Department of Biochemistry Part II student is first author of Nature Communications paper about radiation damage in proteins

Kathryn Shelley, a Department of Biochemistry Part II student and Garman group member, is the first author on a new paper published in Nature Communications. Her M.Biochemistry Part II project research has been published (Shelley and Garman - Quantifying and comparing radiation damage in the Protein Data Bank), as the culmination of her innovative and determined work both during and since graduating from Oxford. Kathryn's new metric will allow researchers to judge the degree of radiation damage inflicted on the protein during the X-ray diffraction experiment performed to determine the structure. Read on to find out more about Kathryn's work on radiation damage in protein crystallography.

Radiation damage remains one of the major bottlenecks to accurate structure solution in protein crystallography (PX). It can cause structural and chemical changes in protein crystals, and is hence an important consideration when assessing the quality and biological veracity of PX structures in repositories like the Protein Data Bank (PDB). However, detection of radiation damage artefacts has traditionally proved very challenging.

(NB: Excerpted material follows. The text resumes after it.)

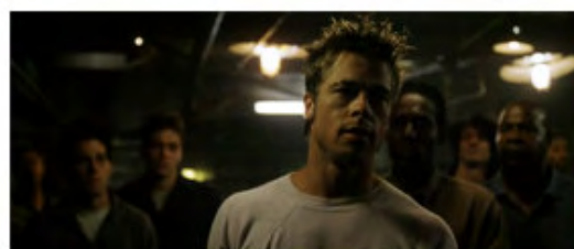
“Working jobs we hate...” Photo: Brad Pitt in Fight Club

What we have to offer is freedom and solidarity. No, solidary individualism is not a contradiction, we are convinced that there can be a society “where the free development of each is the condition for the free development of all” ( Karl Marx, 1848 ). And that is why we still call a war a war and still consider poverty and marginalisation a scandal; that is why we are by conviction emancipatory and on the left , which is the same for us.

To address this, here we introduce the Bnet metric. Bnet summarises in a single value the extent of damage suffered by a PX structure by comparing the B-factor values of damage-prone and non-damage-prone atoms in a similar local environment. After validating that Bnet successfully detects damage in 23 different PX structures previously characterised as damaged, we calculate Bnet values for 93,978 PX PDB structures collected at cryo-temperatures. Our metric highlights a range of damage features many of which would remain unidentified by the other summary statistics typically calculated for PDB structures.

 

 Figure: Observation of typical radiation damage features in structures with high Bnet values

Legend : wwPDB validation statistics, models and density maps for the 10 structures with the highest Bnet values in the PDB-REDO databank. For the eight structures with visible radiation damage artefacts in their associated electron density difference maps, a representative example is shown: for the two structures without such artefacts, the alternative causes of their high Bnet and Bnet-percentile values are shown instead. 2mF obs - DFcalc maps (blue) are contoured at 1.5 rmsd; Fobs - Fcalc difference density maps are contoured at +/- 3.0 rmsd (green/red).